Limitations and possible extensions

Our approach considers the distribution of a gene family across chromosomes as a single multivariate trait. This view has its advantages and disadvantages compared to considering the number of gene copies on each chromosome arm as independent univariate traits. One advantage is that we can take into account the biological reality that loss of a gene family from the whole genome followed by a whole resurrection of a gene family is not likely. This is difficult to take into account when you consider each chromosome separately because you have no information on the state of other chromosomes. By keeping the state multidimensional, one can distinguish between a creation of a family from a zero state (0 → 1 when all other chromosomes have 0 genes) and a gain of a gene on a chromosome through transposition (0 → 1 when there is at least 1 gene on another chromosome), and costs can be assigned accordingly. In our method, we added a special penalty for the transitions originating from the zero vector (i.e., [0, 0, 0, 0, 0]), similar to the Dollo parsimony cost (Farris 1977). The disadvantage of the multivariate encoding is that the search space is exponential in the number of chromosomes. However, although the space is multidimensional, the total space we need to search is limited.
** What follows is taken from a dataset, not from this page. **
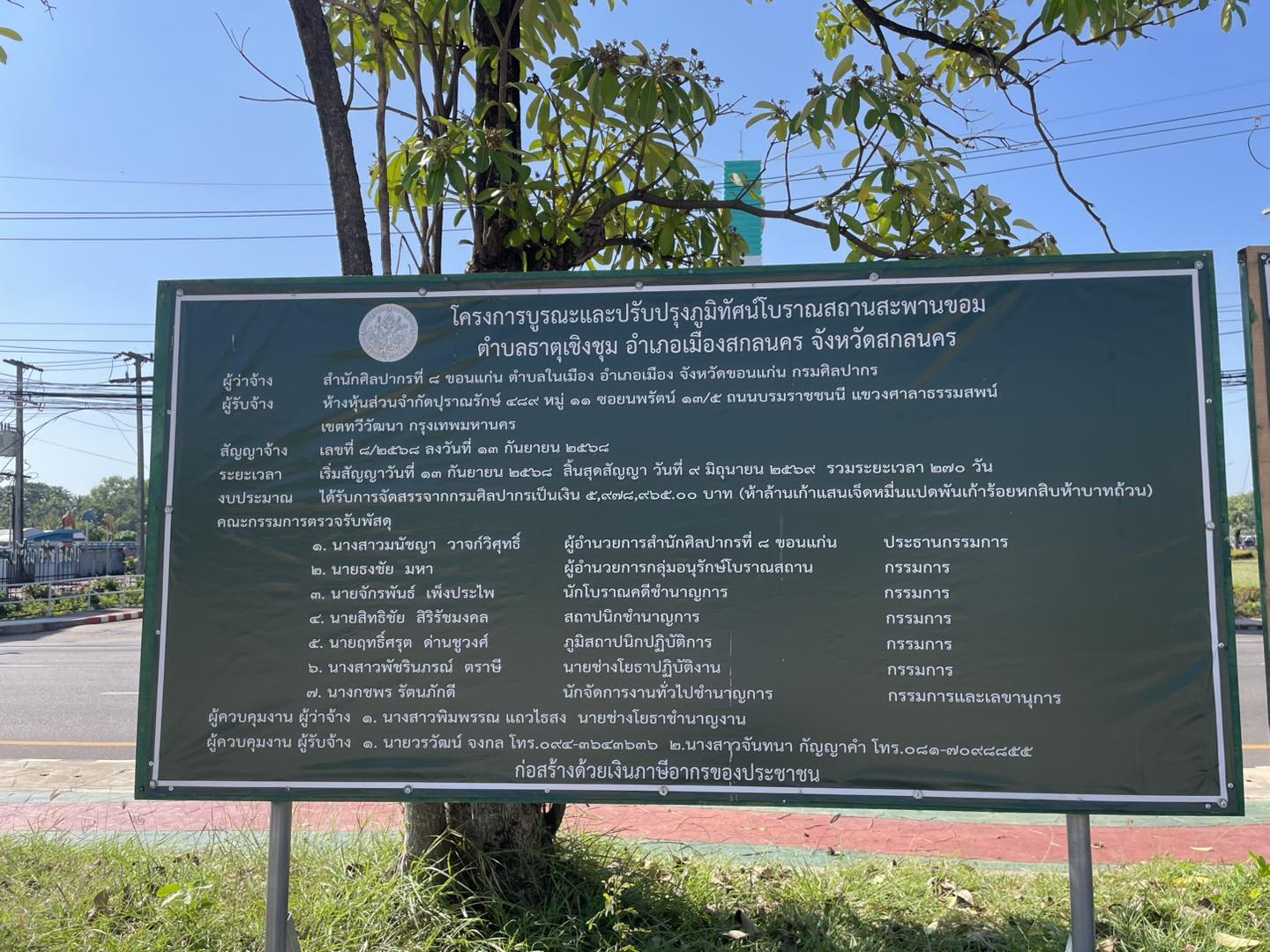 วันพฤหัสบดีที่ ๑๓ พฤศจิกายน ๒๕๖๘ นางสาวมนัชญา วาจก์วิศุทธิ์ ผู้อำนวยการสำนักศิลปากรที่ ๘ ขอนแก่น พร้อมด้วยคณะกรรมการตรวจรับพัสดุ ประชุมพิจารณาการตรวจรับงานงวดที่ ๑ พร้อมทั้งติดตามความคืบหน้า ปัญหาและอุปสรรค ในการดำเนินโครงการบูรณะและปรับปรุงภูมิทัศน์โบราณสถานสะพานขอม ตำบลธาตุเชิงชุม อำเภอเมืองสกลนคร จังหวัดสกลนคร ณ โบราณสถานสะพานขอม ตำบลธาตุเชิงชุม อำเภอเมืองสกลนคร จังหวัดสกลนคร

The observation that makes our algorithm feasible for the problem considered here is that in general the genes of a gene family are clustered onto a small number of chromosome arms; therefore we do not have to explore the whole space of S, only the subset, S′. For example, for a gene family that resides on three different chromosome arms, we need to explore only the three-dimensional subspace of S and only up to the maximum number of genes observed among the leaves (Figure 1B). So even though the complexity of the algorithm is O(|S′|²), S′ ⊂ S, it is possible to reconstruct the states of most gene families. For our data set, there were only three families that we had to exclude because they were too large to analyze in reasonable running time. These three families were a histone family, a serine protease family, and a zinc ion-binding family, with each family containing ≥294 genes across 10 Drosophila species (Table S10). The largest single family included in our analyses had a total of 184 genes.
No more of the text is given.